Hercend aurait pu tomber dans la facilité en imitant la destinée de Maria Antonietta d’Avanzo (1889-1977), baronne, soutenue par son père puis par son mari et qui fut une pilote de course émérite durant les mêmes années (photo ci-dessous). Mais en prenant volontairement une fille d’un milieu plus que modeste, il permet de coller à la réalité de la condition des femmes en général dans l’Italie de l’après première guerre mondiale.

C’est pourquoi l’auteur peut faire tomber enceinte la célibataire Zita et la présenter comme perdue pendant un temps jusqu’à ce que, de retour chez elle, le notaire accepte de l’épouser et de reconnaître l’enfant, lui qui est impuissant depuis ses blessures de guerre, et ne peut avoir d’héritier par lui-même.
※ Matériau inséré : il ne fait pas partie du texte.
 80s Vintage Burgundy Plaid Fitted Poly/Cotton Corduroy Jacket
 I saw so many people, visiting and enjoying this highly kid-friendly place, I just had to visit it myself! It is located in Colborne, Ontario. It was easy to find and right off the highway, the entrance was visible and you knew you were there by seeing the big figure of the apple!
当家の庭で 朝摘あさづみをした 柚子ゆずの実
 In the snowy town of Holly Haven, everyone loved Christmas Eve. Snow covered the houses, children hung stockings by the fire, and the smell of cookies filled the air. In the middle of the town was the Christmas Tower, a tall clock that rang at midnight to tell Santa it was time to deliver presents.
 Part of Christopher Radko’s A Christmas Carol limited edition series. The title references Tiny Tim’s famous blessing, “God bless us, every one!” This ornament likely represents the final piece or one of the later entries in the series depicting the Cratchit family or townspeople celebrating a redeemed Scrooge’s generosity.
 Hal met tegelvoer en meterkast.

Happy end donc, mais inattendu car tout le long du parcours de Zita, sa misère et sa soumission ressortent et ne sont oubliées par l’héroïne que par la griserie de la vitesse et de la maîtrise d’un bolide. C’est pourquoi ce roman me ramène aux onze points du Manifeste du futurisme écrit par l’écrivain italien Filippo Marinetti en 1909. A-t-il inspiré Hercend ? Sa relecture m’en persuade, en particulier le point 4 :

« Nous déclarons que la splendeur du monde s’est enrichie d’une beauté nouvelle: la beauté de la vitesse. Une automobile de course avec son coffre orné de gros tuyaux, tels des serpents à l’haleine explosive… une automobile rugissante, qui a l’air de courir sur de la mitraille, est plus belle que la Victoire de Samothrace » 

Ce manifeste a été justement relié aux idéaux fascistes. Le point 5 : « nous voulons chanter l’homme qui tient le volant, dont la tige idéale traverse la terre, lancée elle-même sur le circuit de son orbite » exprime la limite entre cette source d’inspiration possible et l’inévitable machisme qui soumet cette fille pourtant désireuse de s’émanciper par la course automobile. Le manifeste magnifie la domination du mâle, le roman Zita en montre la violence et la laideur.
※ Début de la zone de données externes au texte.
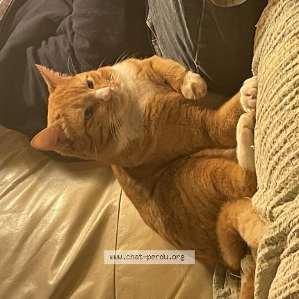 Chat roux de 2 ans. Câlin et joueur. N’est pas rentré de sa promenade du soir au fond du jardin. Habitué à vivre et dormir à l’intérieur
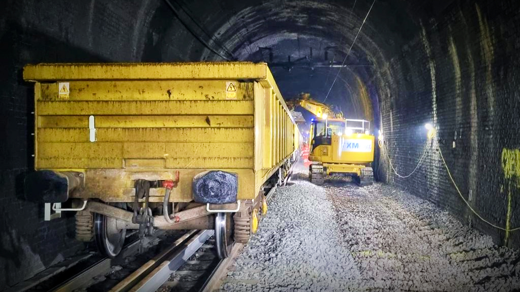 Wagon inside Beechwood Tunnel during October 2022 track replacement
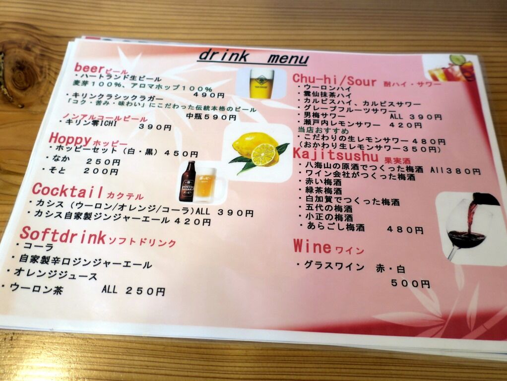 券売機は無く後会計制。メニュー価格は税別表記。ラーメンはグランドメニューには無く、あるときのみの提供。
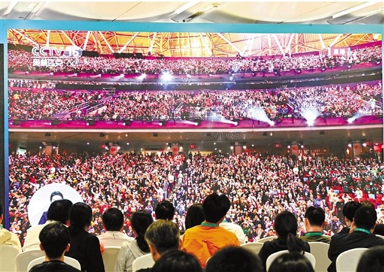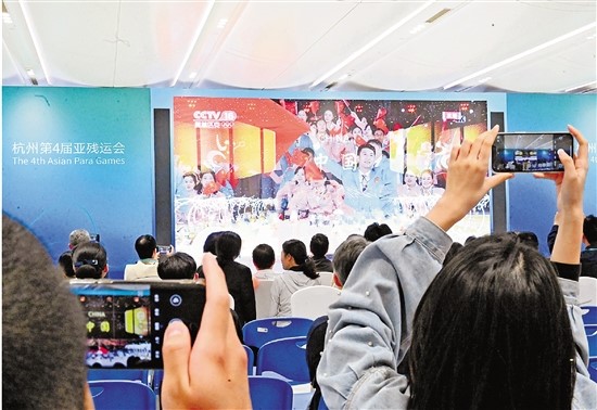 10月22日晚,杭州第4屆亞殘運會主媒體中心,中外媒體記者一起收看、報道亞殘運會開幕式。圖為中國代表團(tuán)入場,大家舉起手機拍攝。記者 徐彥 攝
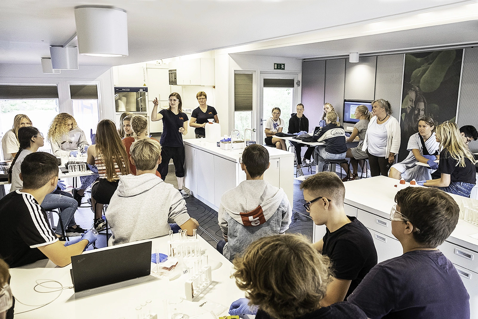 Der er fem store gruppeborde med hver sin skærm, der kan kobles op på udstyr med kamera. I midten er en stor skærm koblet op på LAF-bænken, så alle elever kan følge deltaljeret med i, hvad der sker i LAF-bænken. Flere borde er fleksible og kan flyttes rundt, hvis der er behov for at tilpasse opdelingen og indretningen i forhold til undervisningen i den enkelte klasse.
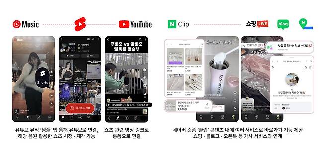 - 네이버 : 네이버의 숏폼인 ‘클립’에서 네이버의 여러 서비스로 바로가기 기능을 제공하고 있는데요. 쇼핑, 블로그, 오픈톡 등 자사 서비스로 연결하고 있어요.
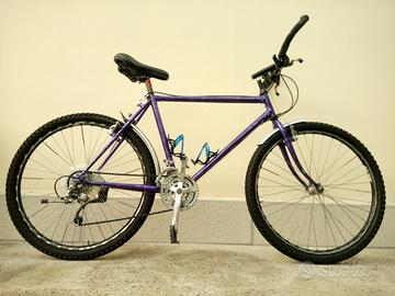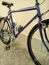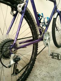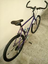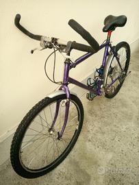 Bicicletta Mountain bike Usata con telaio in acciaio di colore viola metallizzato. Monta ruote da 26 pollici, freni Cantilever, cambio Shimano a 21 velocità, manubrio con curvatura con corni integrati, sella sportiva nuova, catarifrangenti, 2 x portaborraccia, cavalletto laterale, parafanghi, con luci LED anteriori e posteriori.
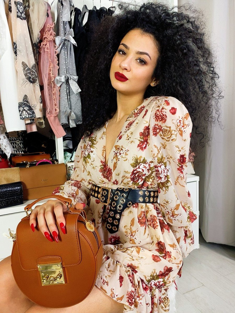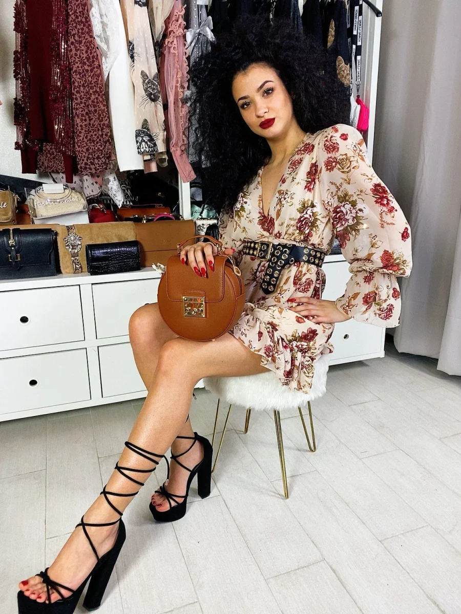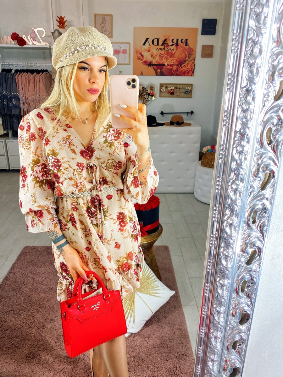 Abito fluido con stampa a fiori. Laccetto sotto seno e mini rouge nel fondo
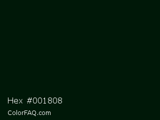 Hex #001808 Color is a almost black green color and the nearest color is Midnight Moss #041004. Hex code #001808 and RGB value is rgb(0,24,8). In RGB color space, this color is composed of 0% red, 9% green, 3% blue, In CMYK color space, this color is composed of 100% cyan, 0% magenta, 67% yellow , 91% black , In HSL color space, this color has a hue angle of 140° , 100% saturation and 5% lightness.
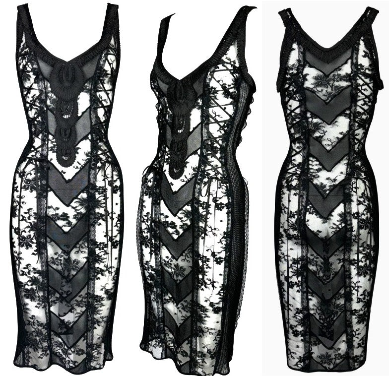 2003 Christian Dior by John Galliano Sheer Black Lace Corset Lace Up Dress
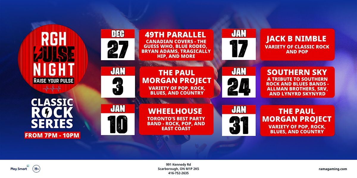 Don’t miss this chance to celebrate Southern Rock and Blues with Southern Sky at RGH Pulse Night. Mark your calendar, gather your friends, and experience the timeless hits of the Allman Brothers, SRV, and Lynyrd Skynyrd performed live. This show promises a night full of energy, nostalgia, and unforgettable musical moments. Come enjoy Southern Sky at Rama Gaming House.

Les peintres futuristes, comme Luigi Russolo, eurent les mêmes références. Comment ne pas penser aussi aux pages de Zita décrivant la vitesse en regardant Dynamisme de l’automobile peint en  1913.

Une œuvre littéraire habile, mêlant les aspects traditionnels d’une certaine société italienne du Nord aux soubresauts des changements : industrialisation accrue, place grandissante des sports mécaniques, changements politiques ici subtilement introduits avec la montée du fascisme.
Un plaisir de lecture garanti par l’originalité du sujet et les portraits de personnages liés, mais si différents.